◆ **Provided entries**:
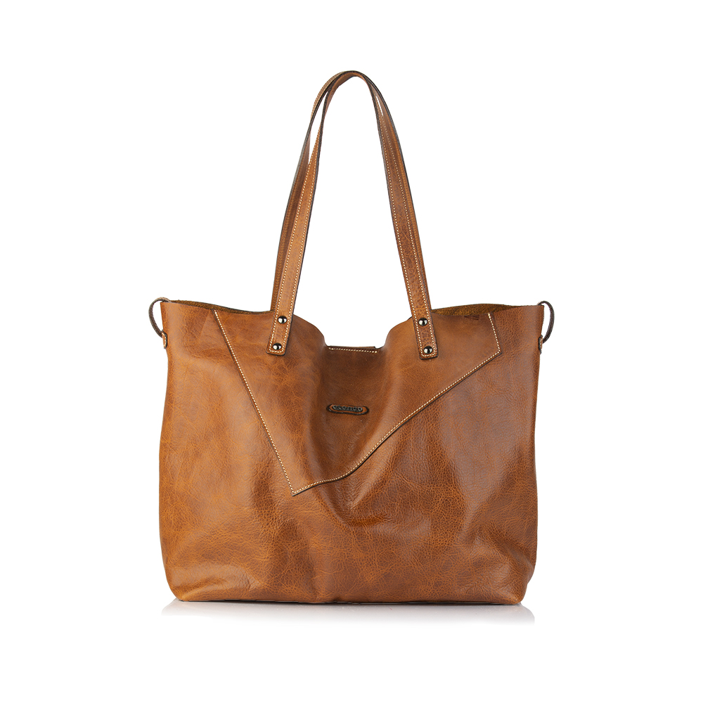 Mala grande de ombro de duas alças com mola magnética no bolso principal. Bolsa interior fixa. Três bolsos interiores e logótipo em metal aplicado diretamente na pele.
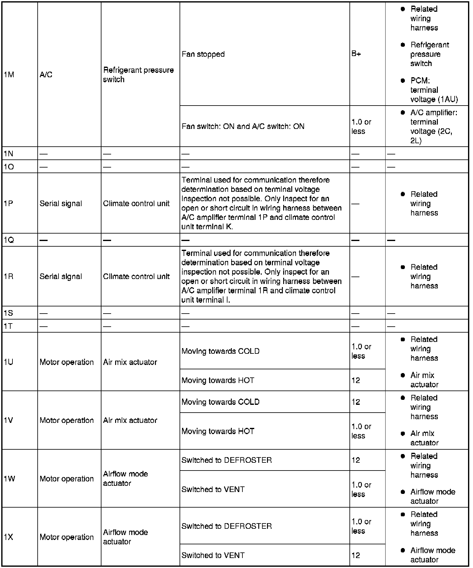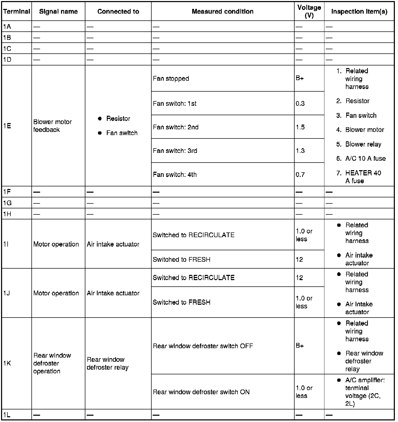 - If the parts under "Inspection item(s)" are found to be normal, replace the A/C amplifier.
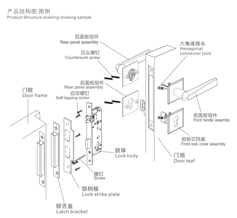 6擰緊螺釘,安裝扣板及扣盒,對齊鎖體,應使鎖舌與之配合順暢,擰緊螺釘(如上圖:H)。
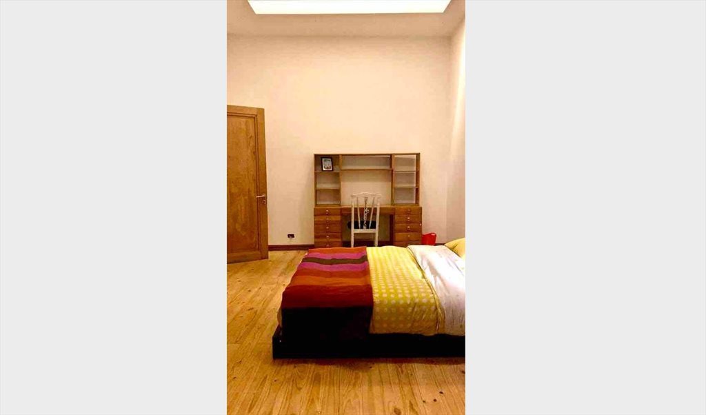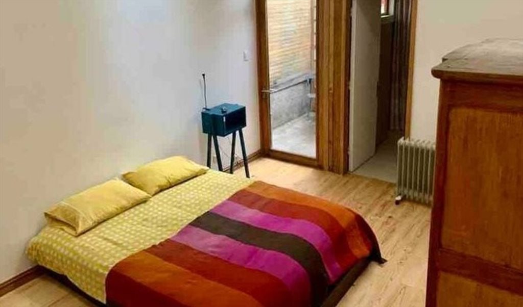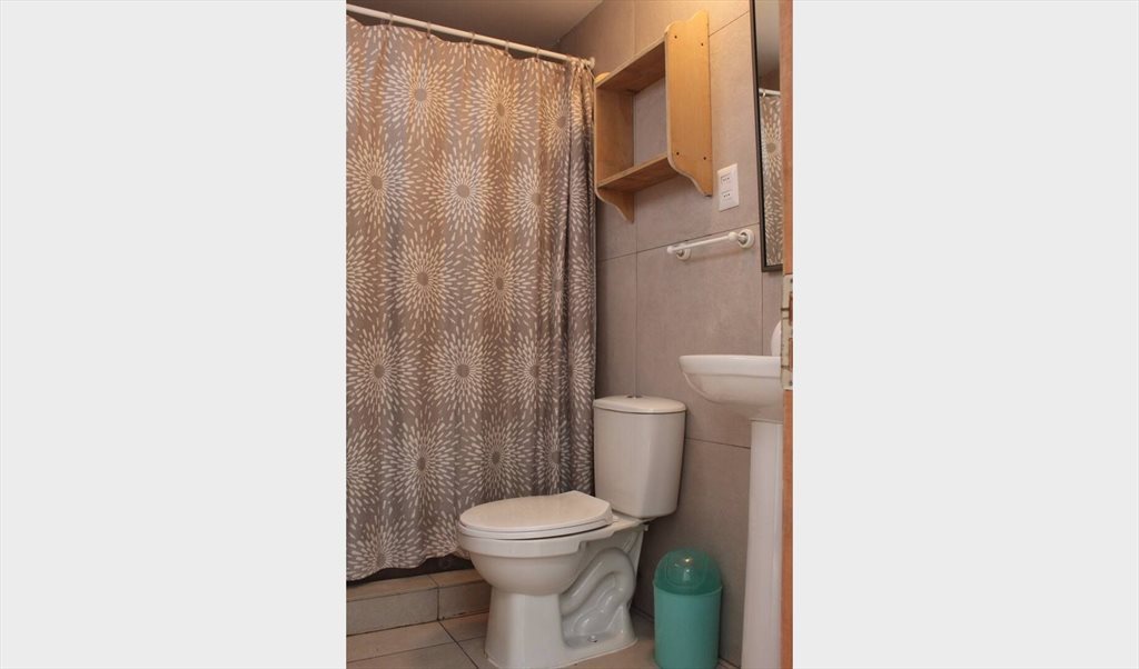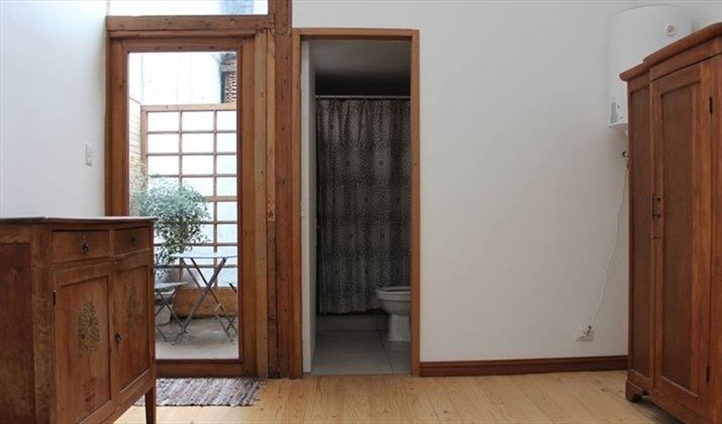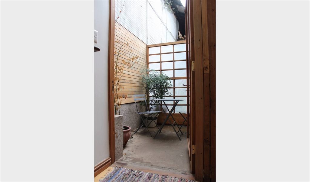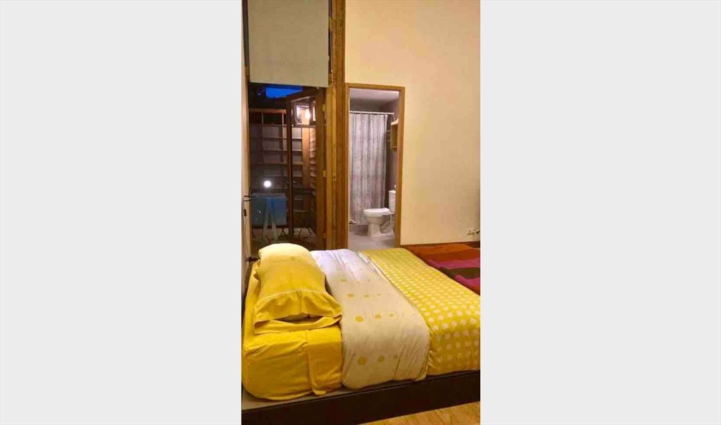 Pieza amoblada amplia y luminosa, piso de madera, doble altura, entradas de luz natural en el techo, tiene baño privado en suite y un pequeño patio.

* * *

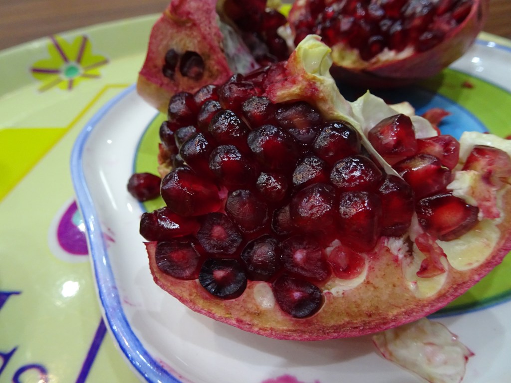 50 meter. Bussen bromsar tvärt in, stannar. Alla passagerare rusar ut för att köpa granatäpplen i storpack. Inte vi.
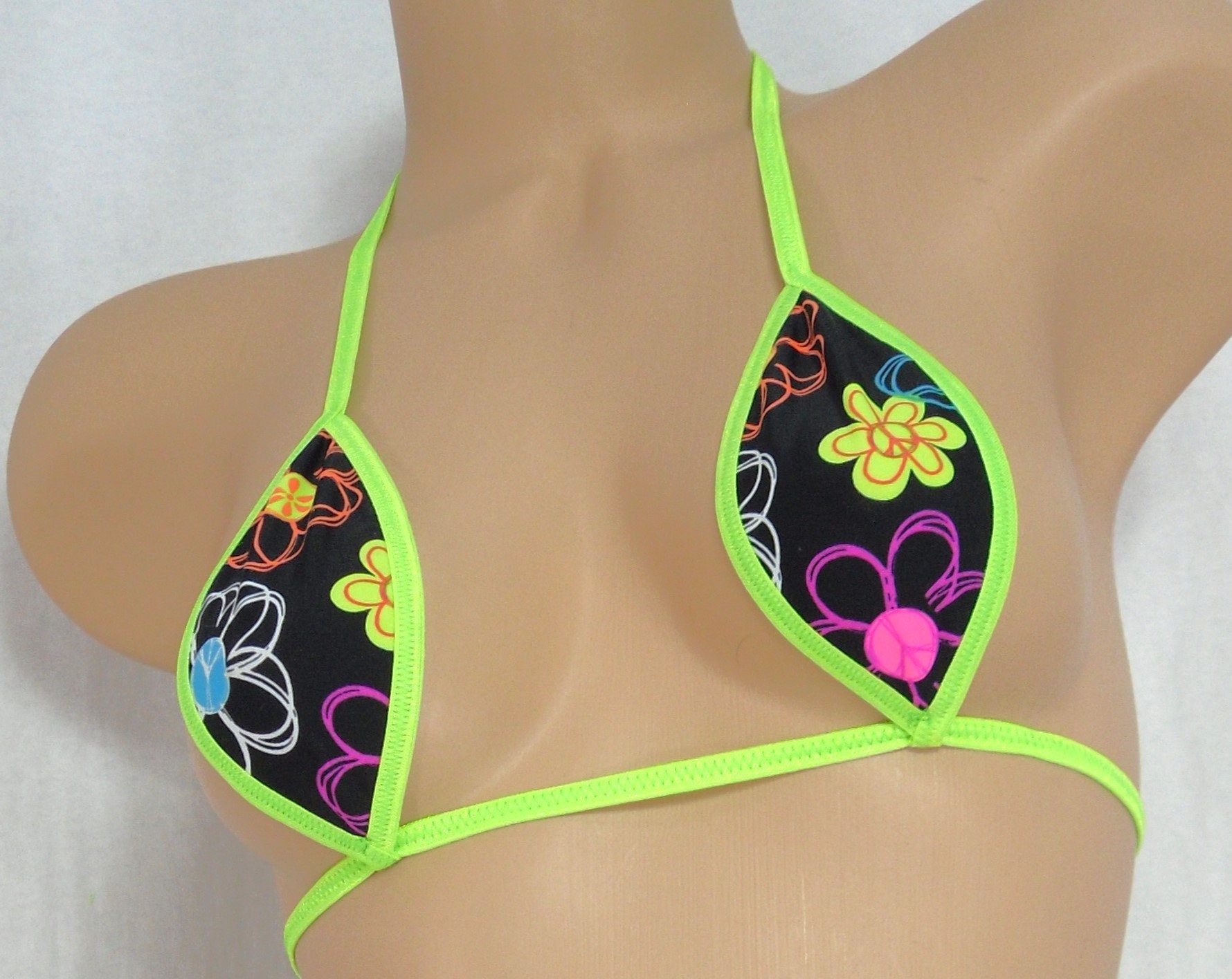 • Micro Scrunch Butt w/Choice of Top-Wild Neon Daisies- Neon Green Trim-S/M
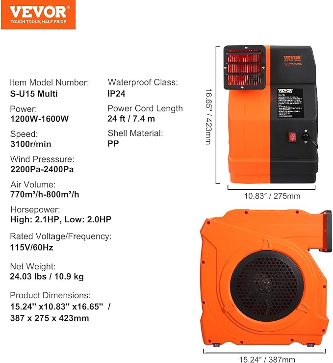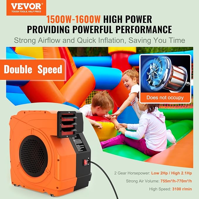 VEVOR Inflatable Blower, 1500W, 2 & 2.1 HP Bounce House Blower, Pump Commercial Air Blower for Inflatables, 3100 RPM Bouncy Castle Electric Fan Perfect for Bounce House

--

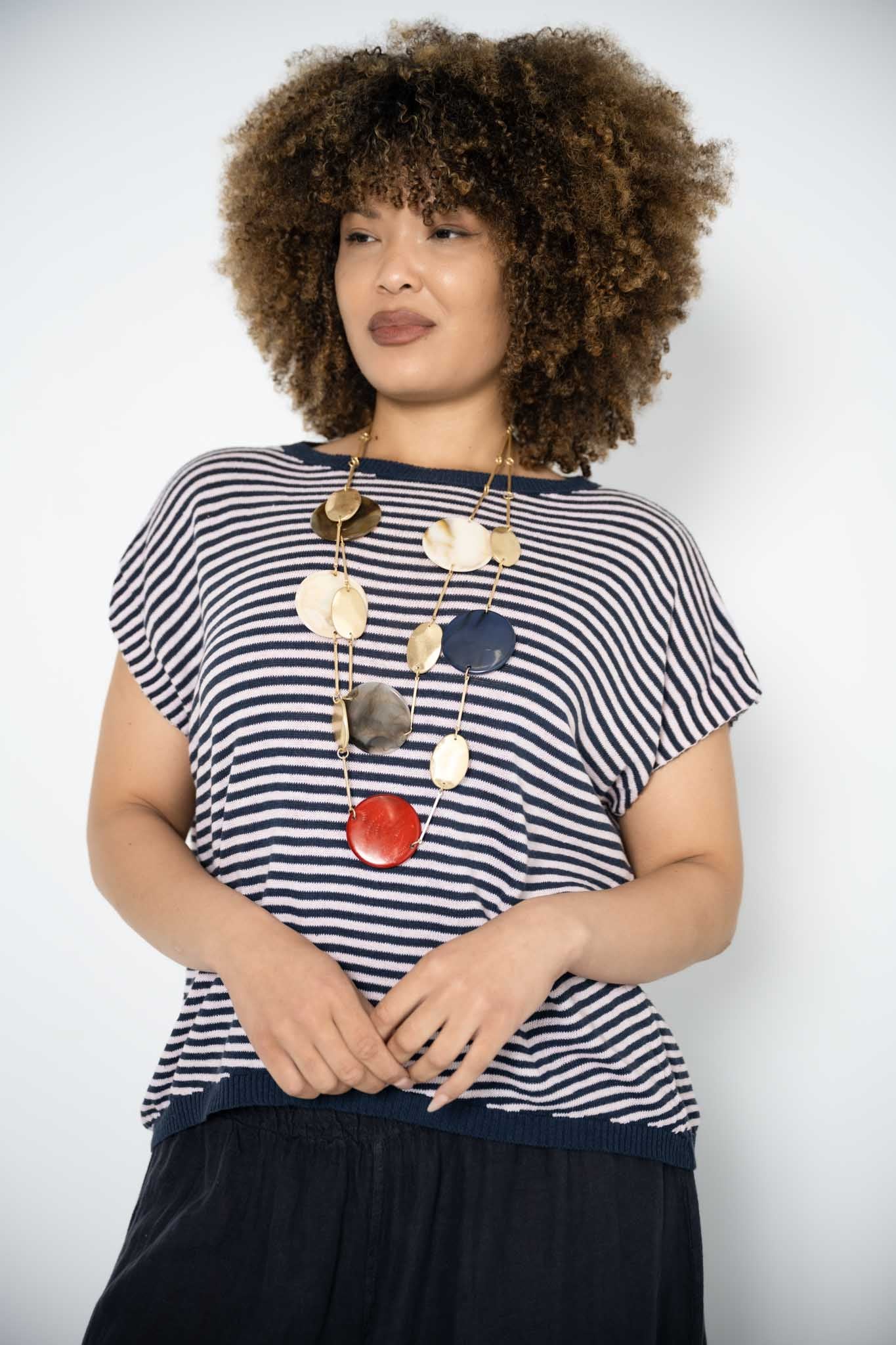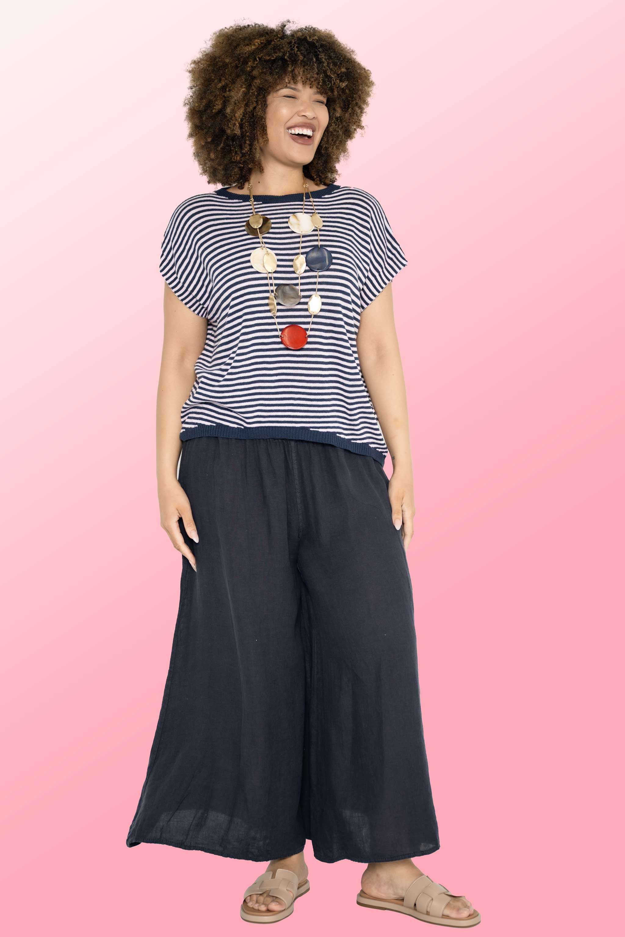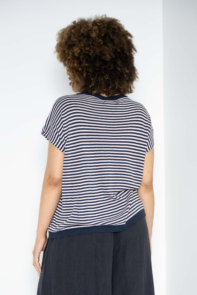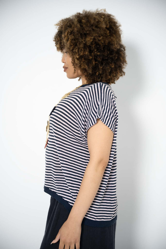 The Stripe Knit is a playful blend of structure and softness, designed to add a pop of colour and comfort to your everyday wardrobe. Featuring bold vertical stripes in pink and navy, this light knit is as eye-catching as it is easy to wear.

◆ **What is expected**: Go to the line above that has "Neon Green Trim-S/M" and copy exactly from there down to the line that has "VEVOR Inflatable Blower, 1500W, 2", both included. Leave the pictures out.

◆ **Reply**:
 • Micro Scrunch Butt w/Choice of Top-Wild Neon Daisies- Neon Green Trim-S/M
 VEVOR Inflatable Blower, 1500W, 2 & 2.1 HP Bounce House Blower, Pump Commercial Air Blower for Inflatables, 3100 RPM Bouncy Castle Electric Fan Perfect for Bounce House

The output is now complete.